Problem description
Write out the listing exactly, from its first line through the line holding "此次毕业典礼全程网络直播。马", but include none of the pictures.

Supplied data
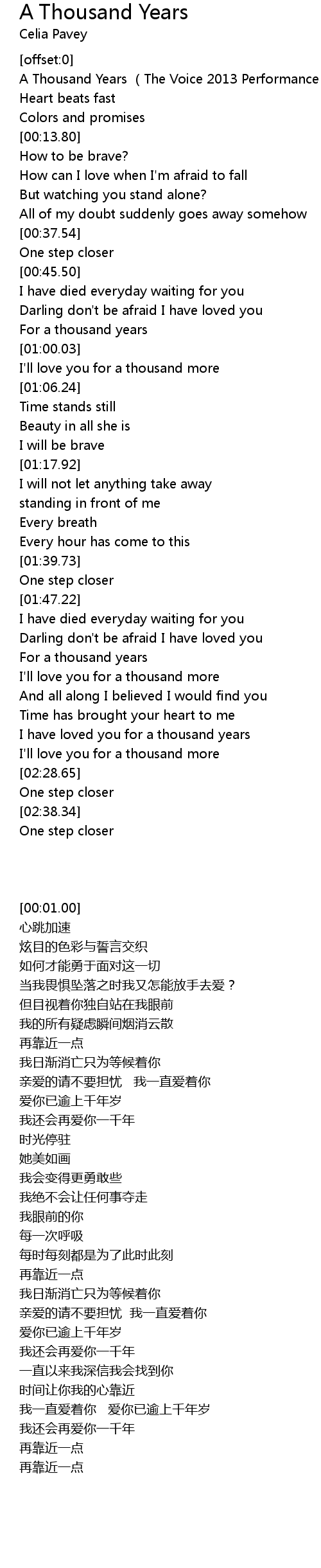 | [00:01.00] | A Thousand Years (The Voice 2013 Performance) - Celia Pavey |
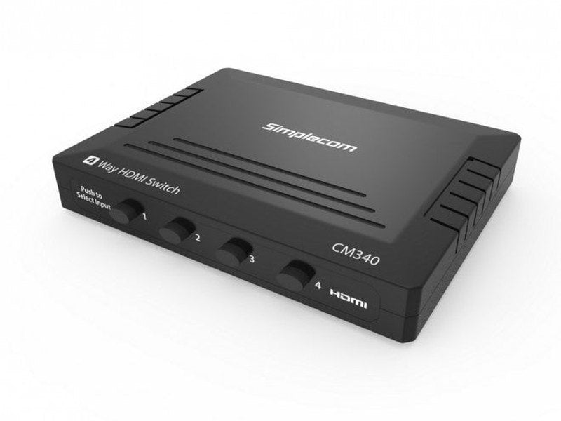 The Simplecom CM340 HDMI Switch Box solves this problem by allowing 4 HDMI sources to be connected to a single HDMI port on a HDTV. Switching between the 4 devices is then made easy by the front control buttons so you no long have to spend ages, fiddling with wires behind your TV.
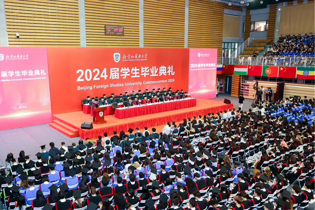 此次毕业典礼全程网络直播。马来西亚驻华使馆副馆长努尔法利纳·默罕默德·阿兹米、教育参赞默罕默德·沙烈胡丁·穆罕默德·迪利夫,埃塞俄比亚驻华大使馆三等秘书拉特召尔·那哈勒·里尔,北外各学院、相关职能部处负责人,教师代表,2800余名2024届本科生、研究生、留学生参加毕业典礼。
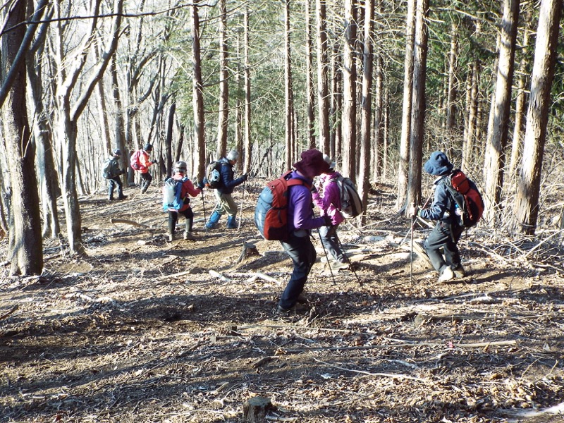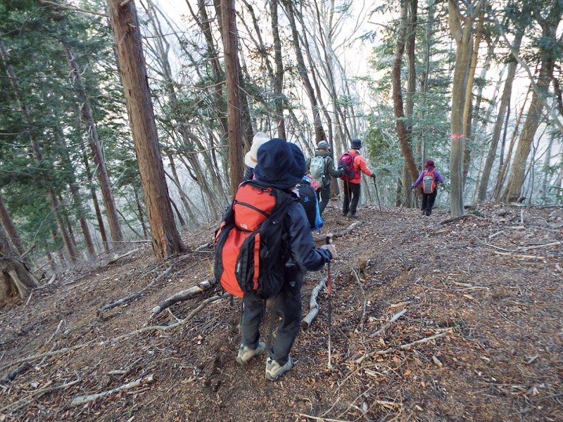 植林地の中を抜ける道から、小さな尾根に取りついて、登山道らしくなってきました。
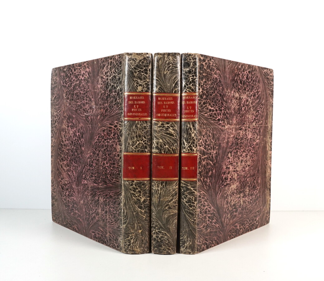 TOBIÉSEN-DUBY (Pierre-Ancher) - Ensemble de 3 volumes : Traité des monnoies des Barons, ou représentation et explication de toutes les monnoies d'or [] - Paris ; Imprimerie Royale, 1790 - Recueil général des Pièces obsidionales et de nécessité, gravées dans l'ordre chronologique des évènemens [] - Paris ; Chez la Veuve de l'auteur, Debure, 1786 - 3 volumes In-folio - Pâle auréole en marge supérieure de quelques feuillets du tome II, de rares et pâles rousseurs éparses - Portrait frontispice de l'auteur manquant - Le Traité des monnoies des Barons est illustré de 120 planches gravées de monnaies, dont 10 en supplément, le Recueil des Pièces obsidionales comprend 31 planches, dont 4 pour les Récréations numismatiques qui terminent l'ouvrage - Reliure 1ère moitié du XIXème siècle cartonnage marbré rose et noir (légers frottements et menus défauts à 1 plat) - Dos lisses avec pièces de titres et de tomaison maroquin cerise ornés de filets dorés -- Exemplaire imprimé sur vergé fort et grand de marges - Bons exemplaires en éditions originales posthumes de ces splendides ouvrages de numismatique formant 2 rares traités complémentaires, 1 grande partie ayant été détruite lors de la tourmente révolutionnaire.
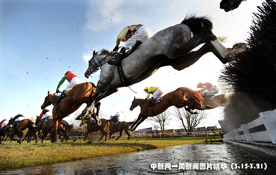 16日(周二),在英國切爾滕納姆節(jié)冠軍障礙賽上,眾多賽馬正在沖過障礙。
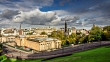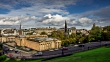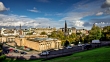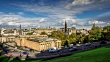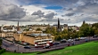 Traffic pours around the Scottish National Gallery and the Royal Scottish Gallery and up The Mound, as seen from further up the hill.
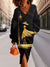 Fashion Abstract Geometric Art Print V Neck Sweater Midi Dress
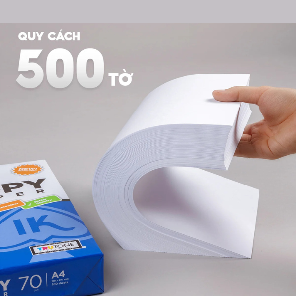 Giấy in A4, giấy photo IK Copy 70 gsm đều màu không gợn sóng, độ dày cao, chữ in không lem nhòe
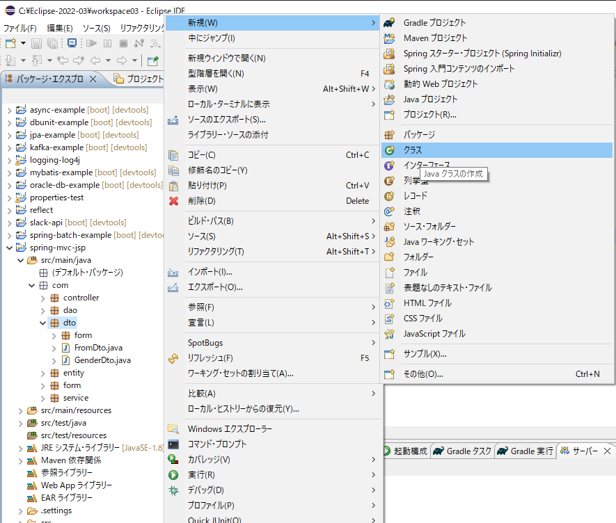 Eclipseで「Maven プロジェクト」とか作成しているとして、適当にクラスを作成します。
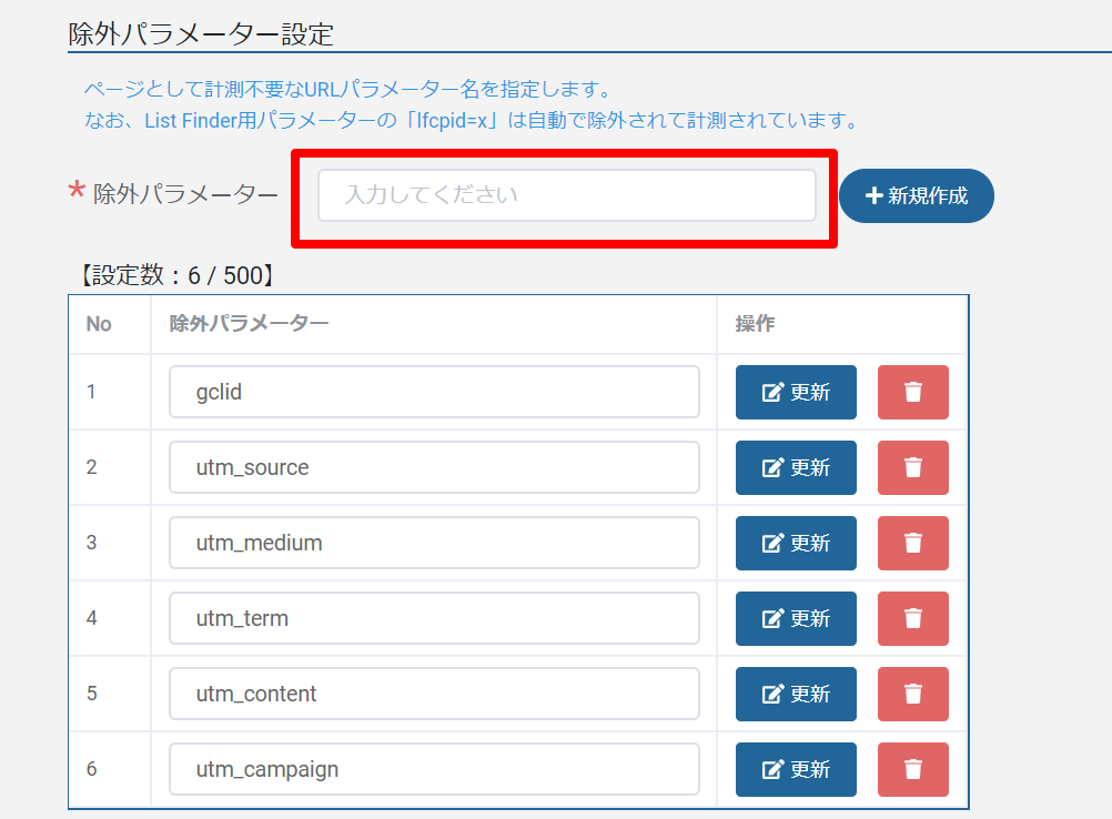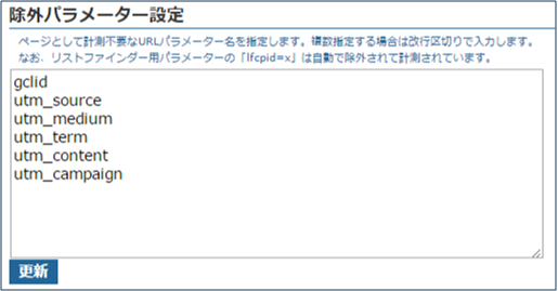 [設定][計測除外設定]画面で、除外したいパラメーターを改行区切りで入力後[更新]
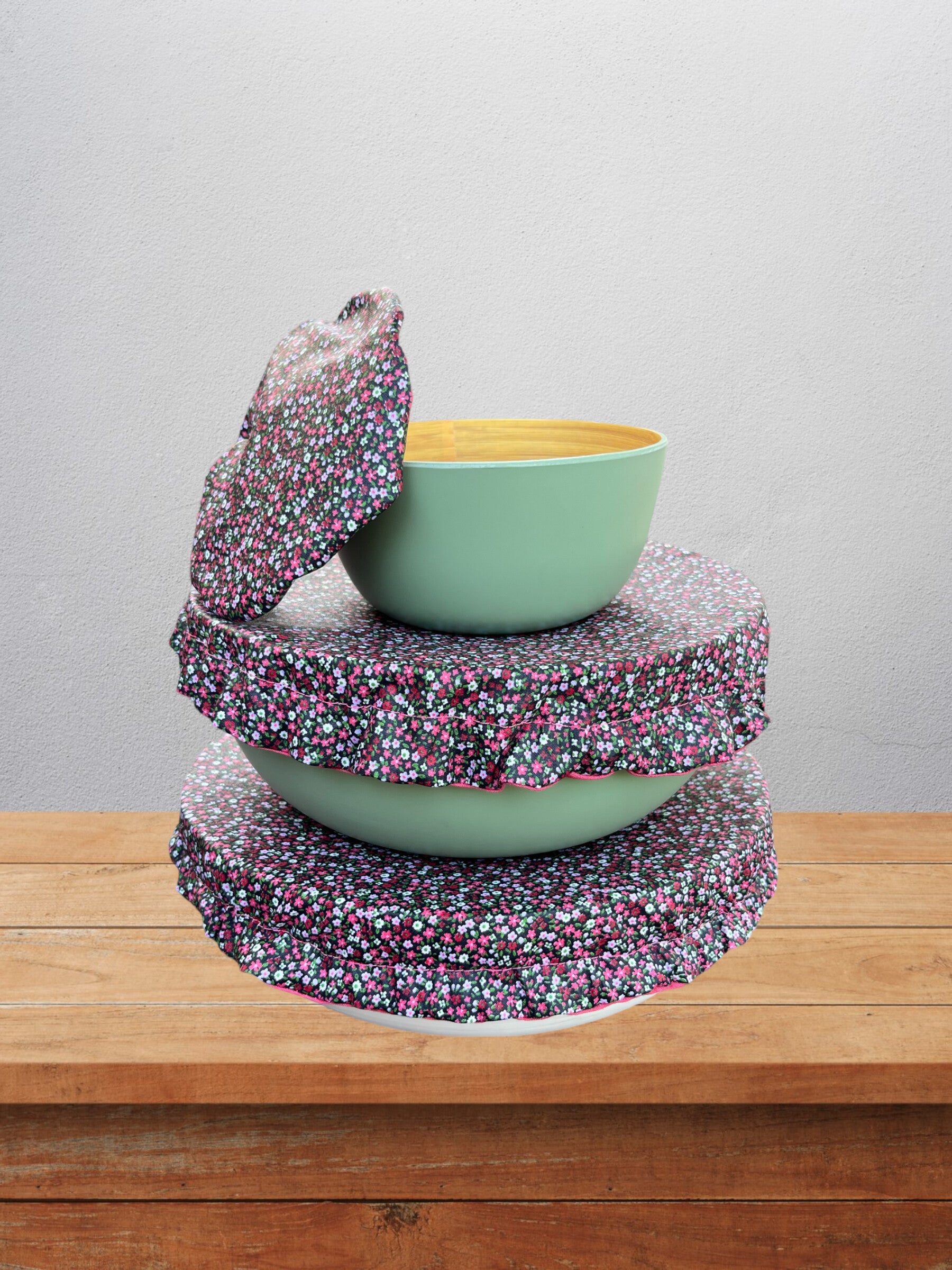Lot composé de 3 charlottes alimentaires/couvres plats en tissus enduit 100% oeko tex (garantit sans substance nocive).
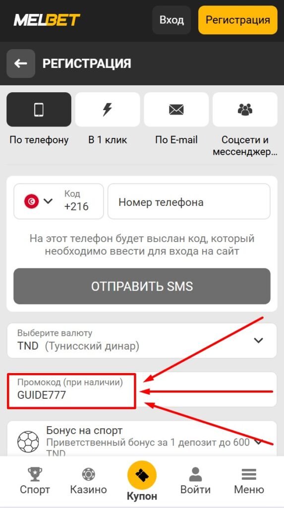 Укажите валюту и укажите промокод GUIDE777, чтобы увеличить свои MelBet бонусы при регистрации.
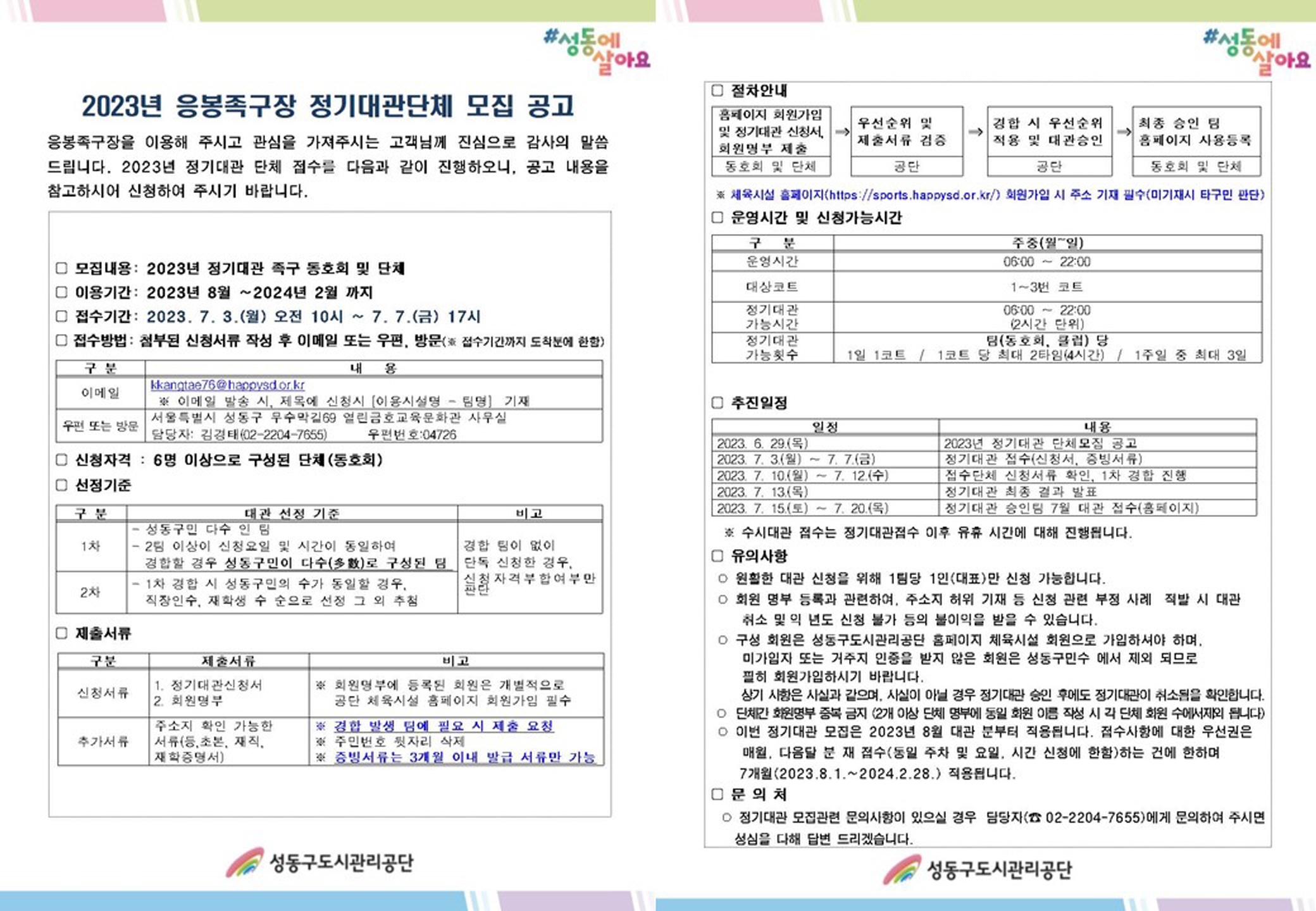 [응봉족구장] 2023년 정기대관 모집 안내문 작성자 관리자 등록일자 2023년 6월 28일 11시 33분 17초 조회 645 응봉족구장 정기대관단체 회원명부.xls [ Size : 83.5KB , Down : 521 ] 다운로드 2023년정기대관신청서(응봉족구장).hwp [ Size : 24KB , Down : 384 ] 다운로드 응봉족구장 정기대관모집.jpg [ Size : 825.88KB , Down : 520 ] 미리보기 다운로드 목록보기

Answer to this problem
 | [00:01.00] | A Thousand Years (The Voice 2013 Performance) - Celia Pavey |
 The Simplecom CM340 HDMI Switch Box solves this problem by allowing 4 HDMI sources to be connected to a single HDMI port on a HDTV. Switching between the 4 devices is then made easy by the front control buttons so you no long have to spend ages, fiddling with wires behind your TV.
 此次毕业典礼全程网络直播。马来西亚驻华使馆副馆长努尔法利纳·默罕默德·阿兹米、教育参赞默罕默德·沙烈胡丁·穆罕默德·迪利夫,埃塞俄比亚驻华大使馆三等秘书拉特召尔·那哈勒·里尔,北外各学院、相关职能部处负责人,教师代表,2800余名2024届本科生、研究生、留学生参加毕业典礼。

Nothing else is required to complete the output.